** Entries provided **
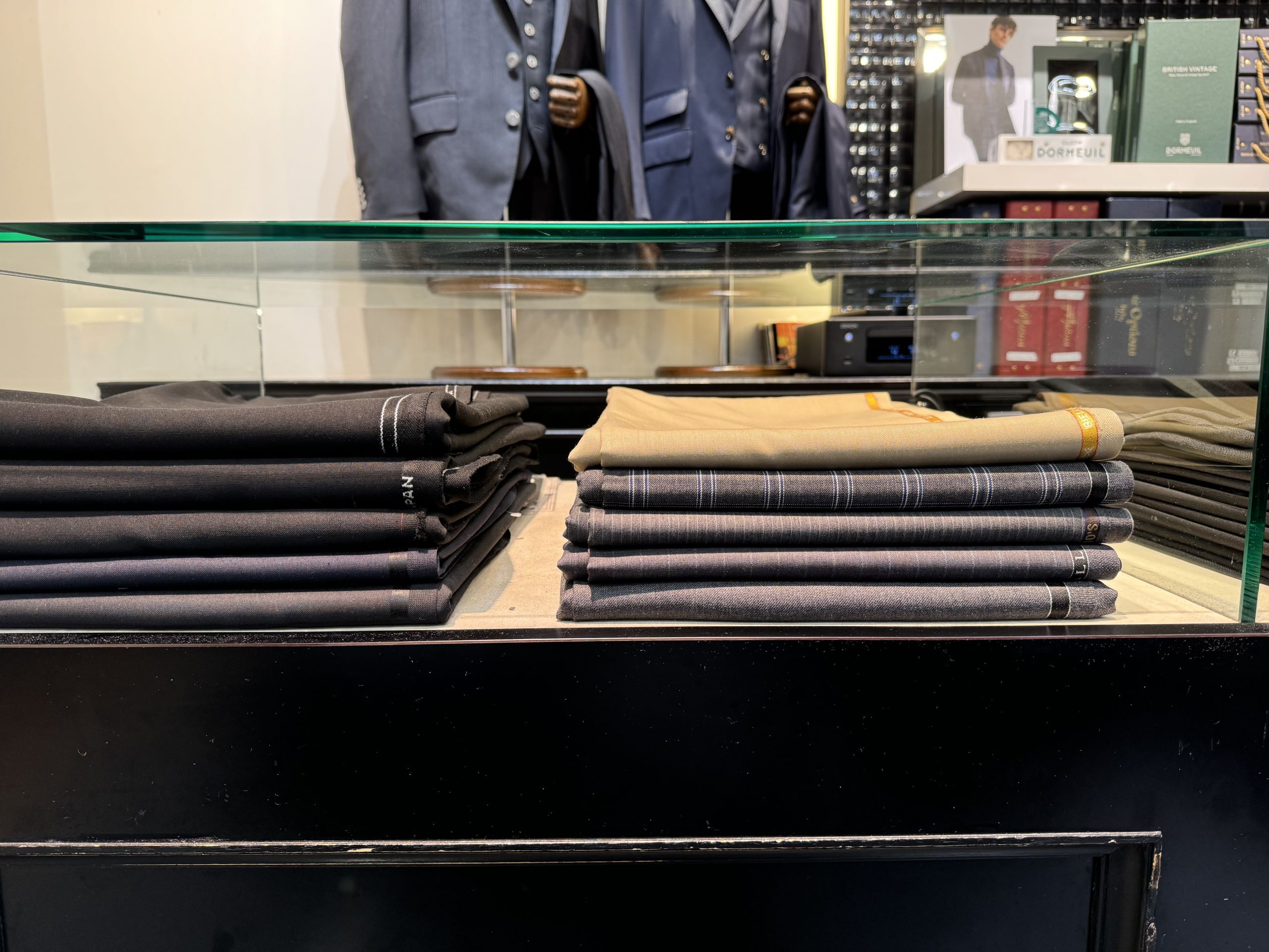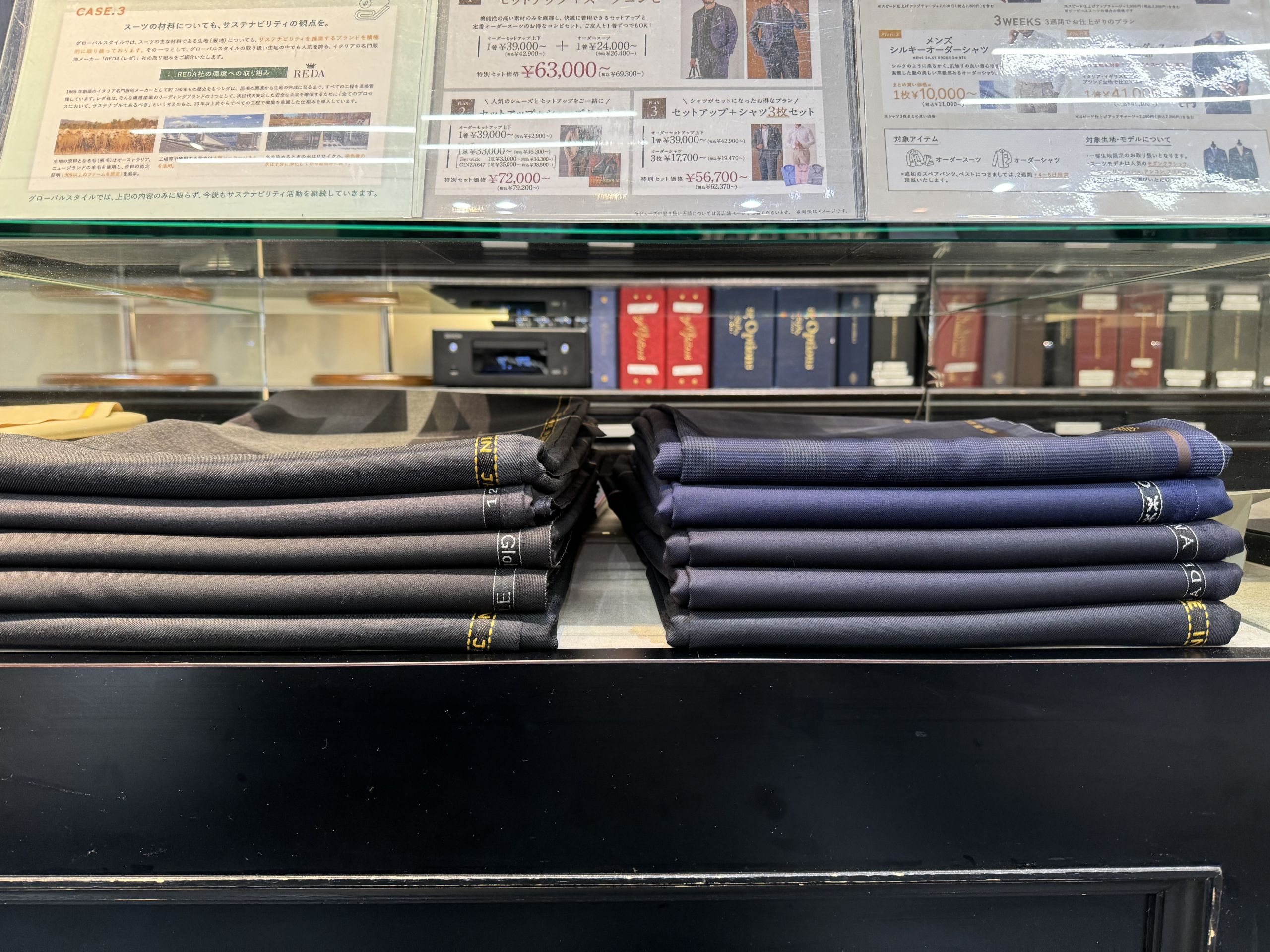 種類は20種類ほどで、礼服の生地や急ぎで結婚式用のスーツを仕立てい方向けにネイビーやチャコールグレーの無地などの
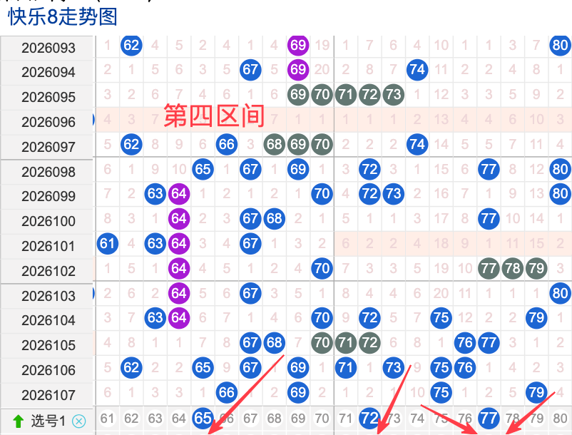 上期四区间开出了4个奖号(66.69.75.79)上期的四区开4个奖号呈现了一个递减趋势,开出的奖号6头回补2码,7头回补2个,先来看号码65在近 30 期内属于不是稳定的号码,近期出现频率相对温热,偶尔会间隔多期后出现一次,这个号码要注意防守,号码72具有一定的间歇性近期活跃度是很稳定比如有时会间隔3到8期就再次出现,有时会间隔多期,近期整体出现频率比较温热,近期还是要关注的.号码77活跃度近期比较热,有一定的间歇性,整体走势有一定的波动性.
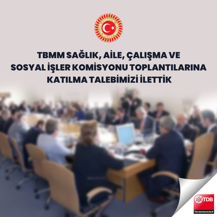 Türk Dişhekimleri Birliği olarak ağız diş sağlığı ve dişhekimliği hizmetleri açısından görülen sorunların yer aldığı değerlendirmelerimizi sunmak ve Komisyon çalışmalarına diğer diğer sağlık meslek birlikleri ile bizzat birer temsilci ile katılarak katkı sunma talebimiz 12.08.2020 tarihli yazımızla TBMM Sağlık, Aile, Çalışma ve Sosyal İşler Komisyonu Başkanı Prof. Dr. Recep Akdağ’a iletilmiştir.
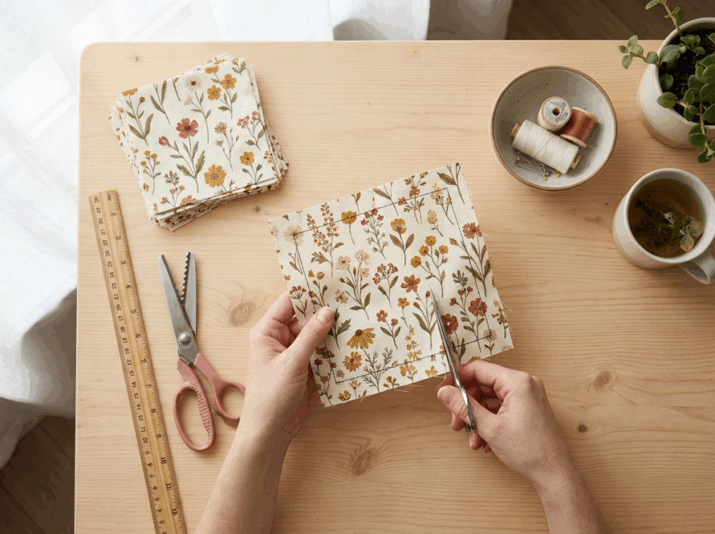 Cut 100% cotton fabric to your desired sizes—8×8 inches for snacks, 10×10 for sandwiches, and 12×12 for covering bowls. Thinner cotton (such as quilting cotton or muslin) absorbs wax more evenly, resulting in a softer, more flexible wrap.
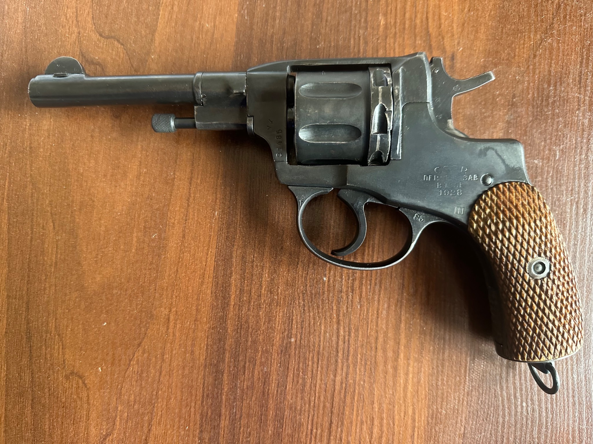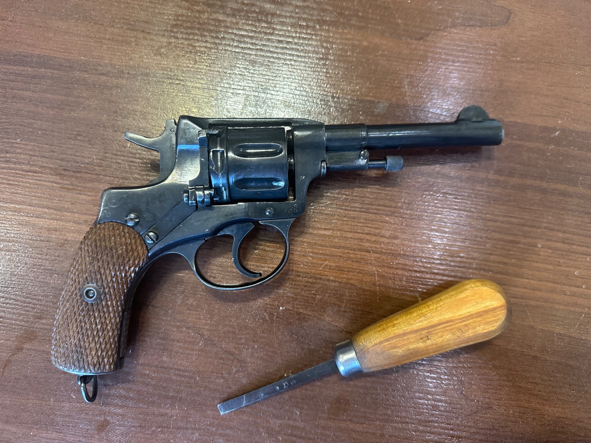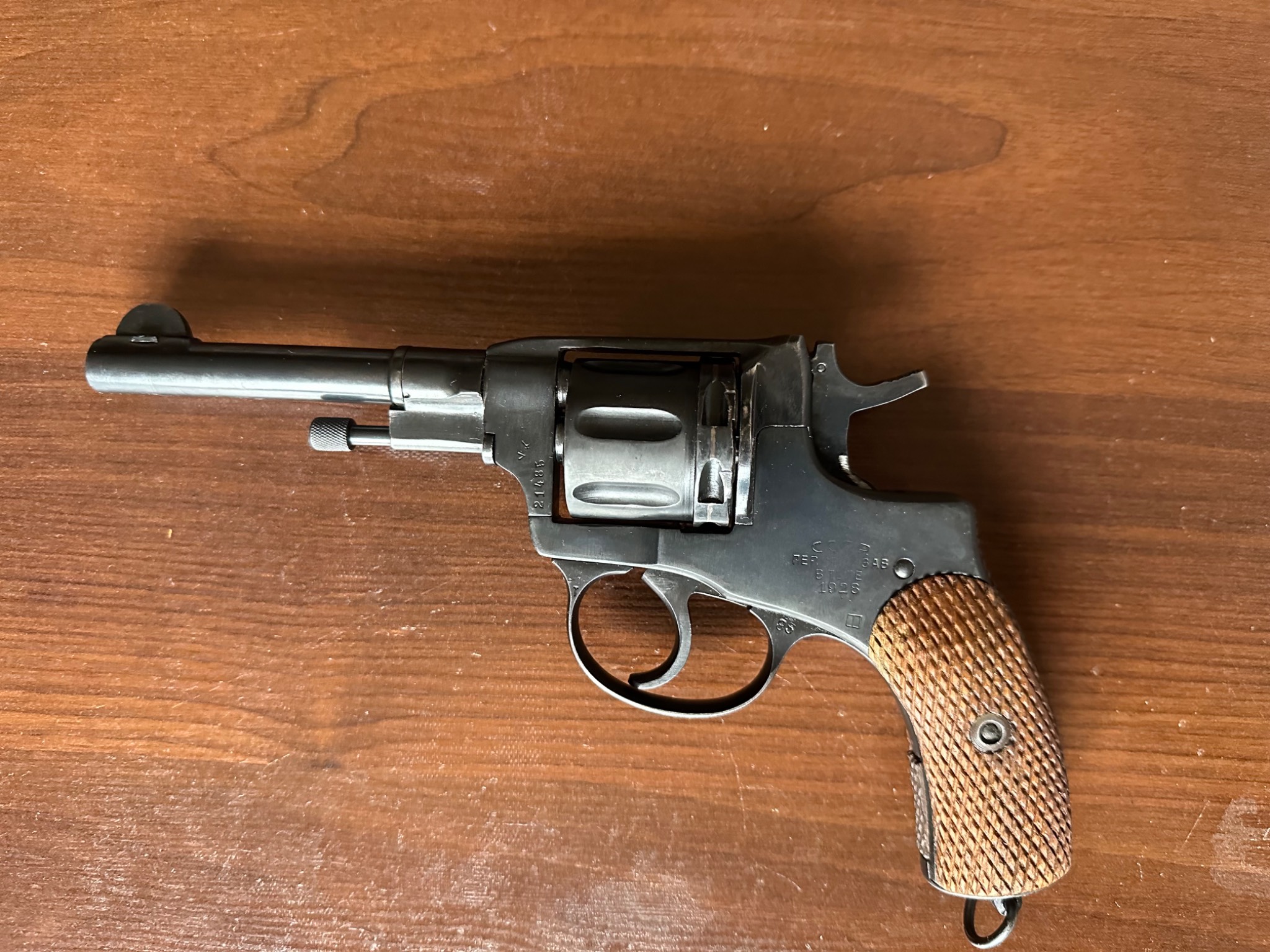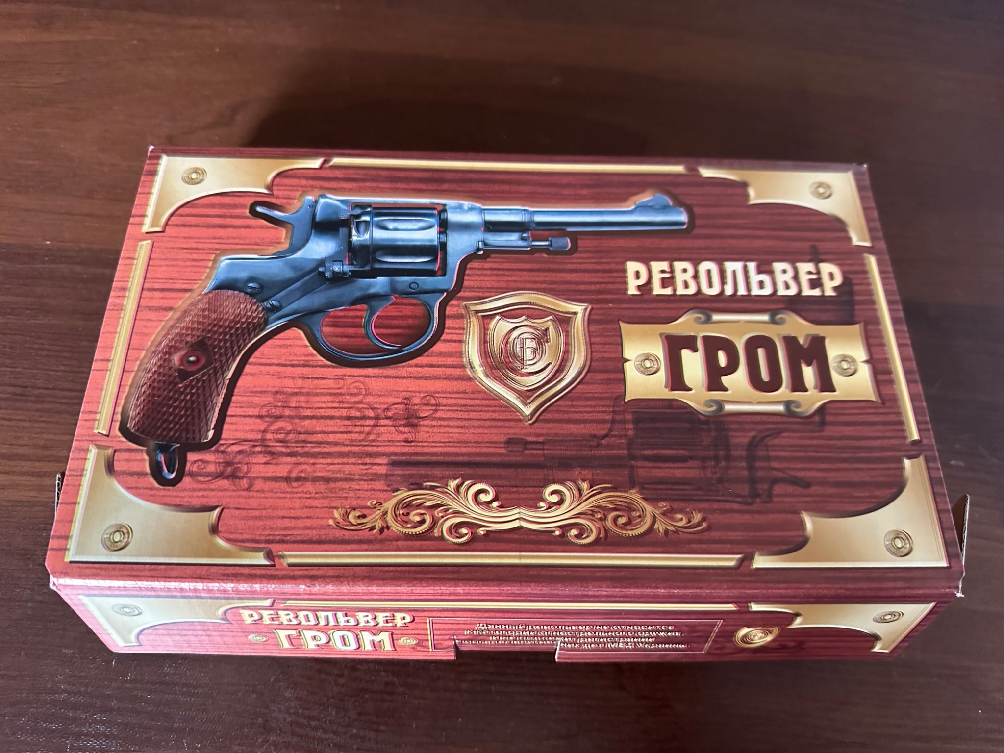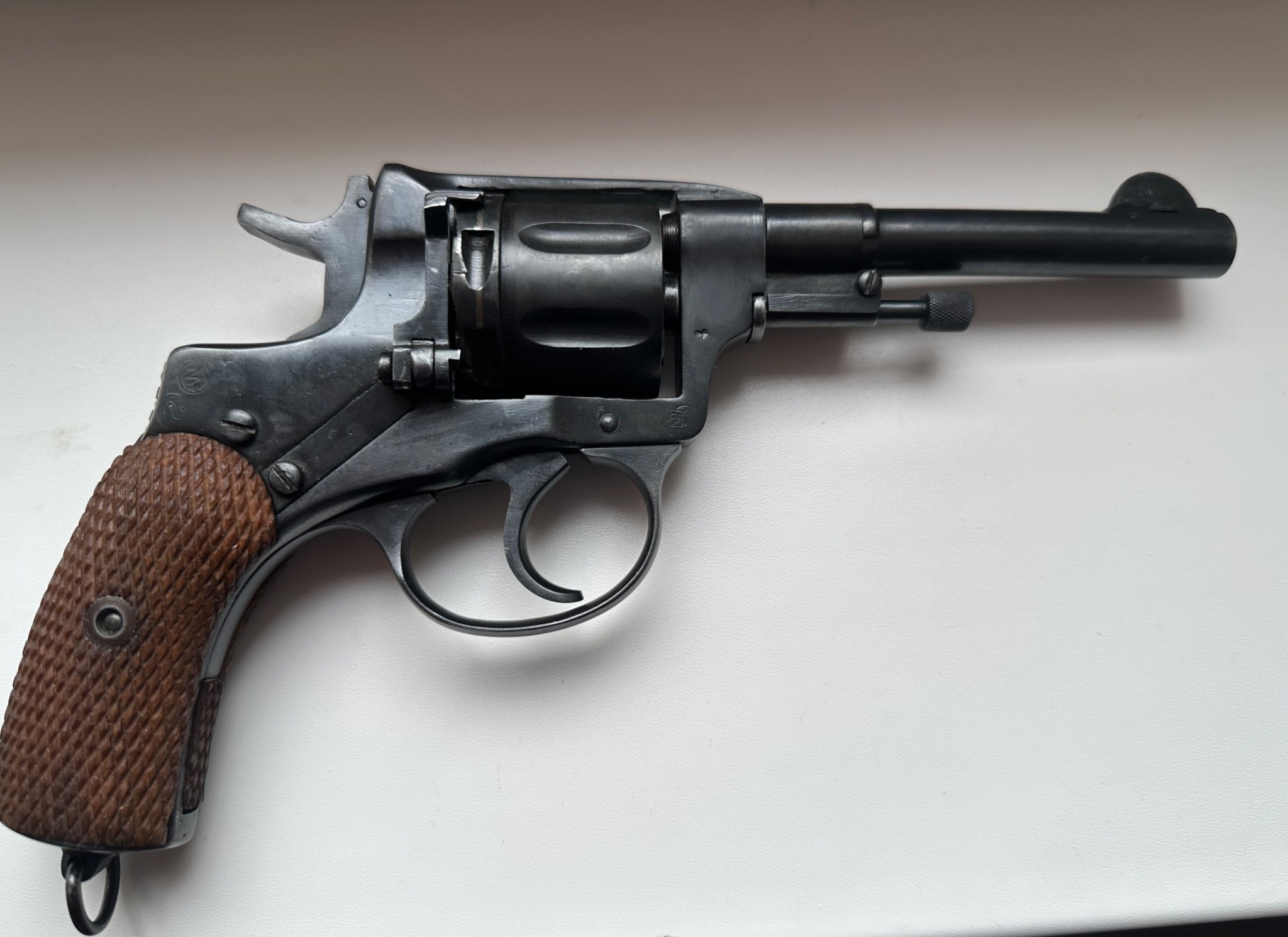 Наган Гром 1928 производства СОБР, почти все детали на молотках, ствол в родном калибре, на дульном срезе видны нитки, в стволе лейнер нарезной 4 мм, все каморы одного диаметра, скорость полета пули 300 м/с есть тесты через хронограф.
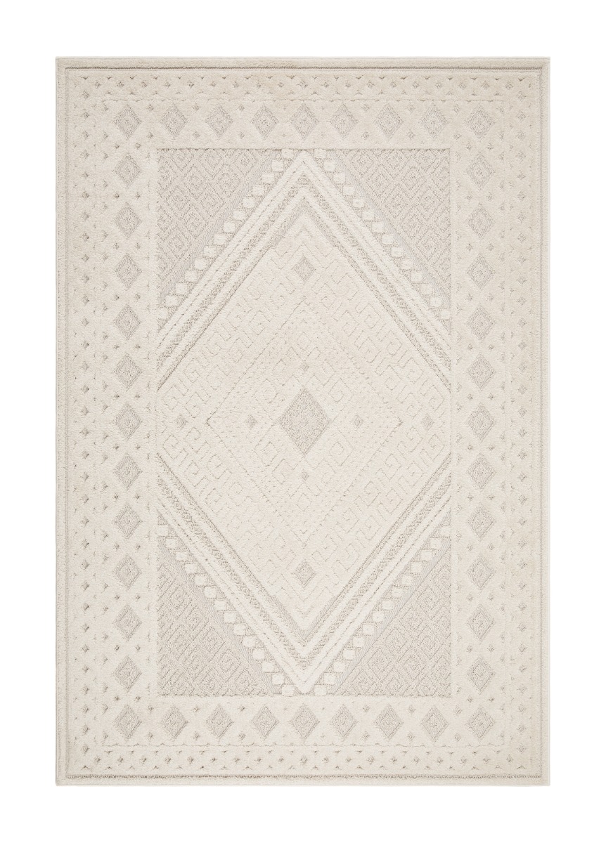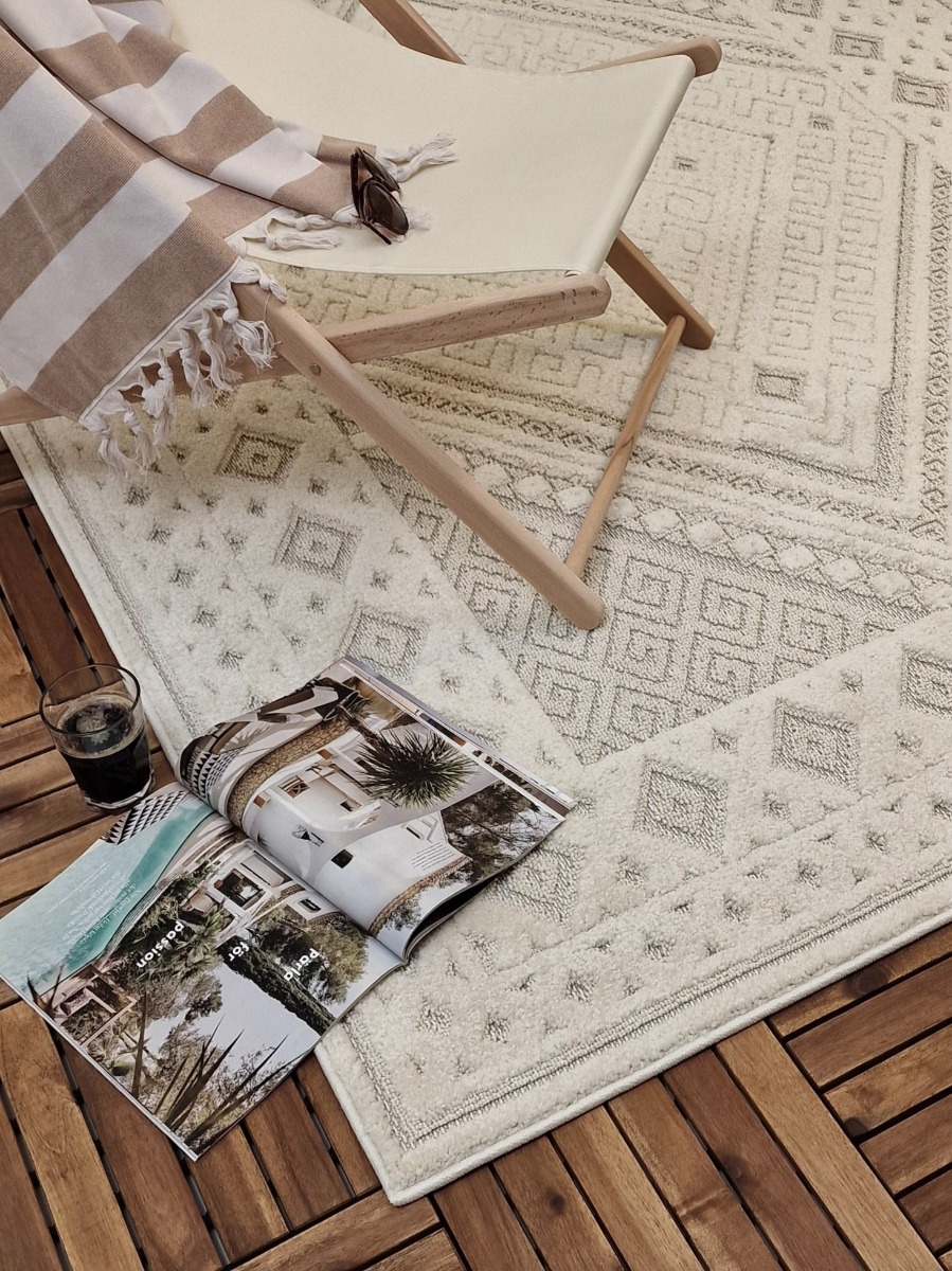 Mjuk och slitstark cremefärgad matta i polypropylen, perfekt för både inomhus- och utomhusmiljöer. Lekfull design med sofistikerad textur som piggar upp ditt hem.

** What is needed **
Write out the data exactly, but not its pictures.

** Your solution **
 種類は20種類ほどで、礼服の生地や急ぎで結婚式用のスーツを仕立てい方向けにネイビーやチャコールグレーの無地などの
 上期四区间开出了4个奖号(66.69.75.79)上期的四区开4个奖号呈现了一个递减趋势,开出的奖号6头回补2码,7头回补2个,先来看号码65在近 30 期内属于不是稳定的号码,近期出现频率相对温热,偶尔会间隔多期后出现一次,这个号码要注意防守,号码72具有一定的间歇性近期活跃度是很稳定比如有时会间隔3到8期就再次出现,有时会间隔多期,近期整体出现频率比较温热,近期还是要关注的.号码77活跃度近期比较热,有一定的间歇性,整体走势有一定的波动性.
 Türk Dişhekimleri Birliği olarak ağız diş sağlığı ve dişhekimliği hizmetleri açısından görülen sorunların yer aldığı değerlendirmelerimizi sunmak ve Komisyon çalışmalarına diğer diğer sağlık meslek birlikleri ile bizzat birer temsilci ile katılarak katkı sunma talebimiz 12.08.2020 tarihli yazımızla TBMM Sağlık, Aile, Çalışma ve Sosyal İşler Komisyonu Başkanı Prof. Dr. Recep Akdağ’a iletilmiştir.
 Cut 100% cotton fabric to your desired sizes—8×8 inches for snacks, 10×10 for sandwiches, and 12×12 for covering bowls. Thinner cotton (such as quilting cotton or muslin) absorbs wax more evenly, resulting in a softer, more flexible wrap.
 Наган Гром 1928 производства СОБР, почти все детали на молотках, ствол в родном калибре, на дульном срезе видны нитки, в стволе лейнер нарезной 4 мм, все каморы одного диаметра, скорость полета пули 300 м/с есть тесты через хронограф.
 Mjuk och slitstark cremefärgad matta i polypropylen, perfekt för både inomhus- och utomhusmiljöer. Lekfull design med sofistikerad textur som piggar upp ditt hem.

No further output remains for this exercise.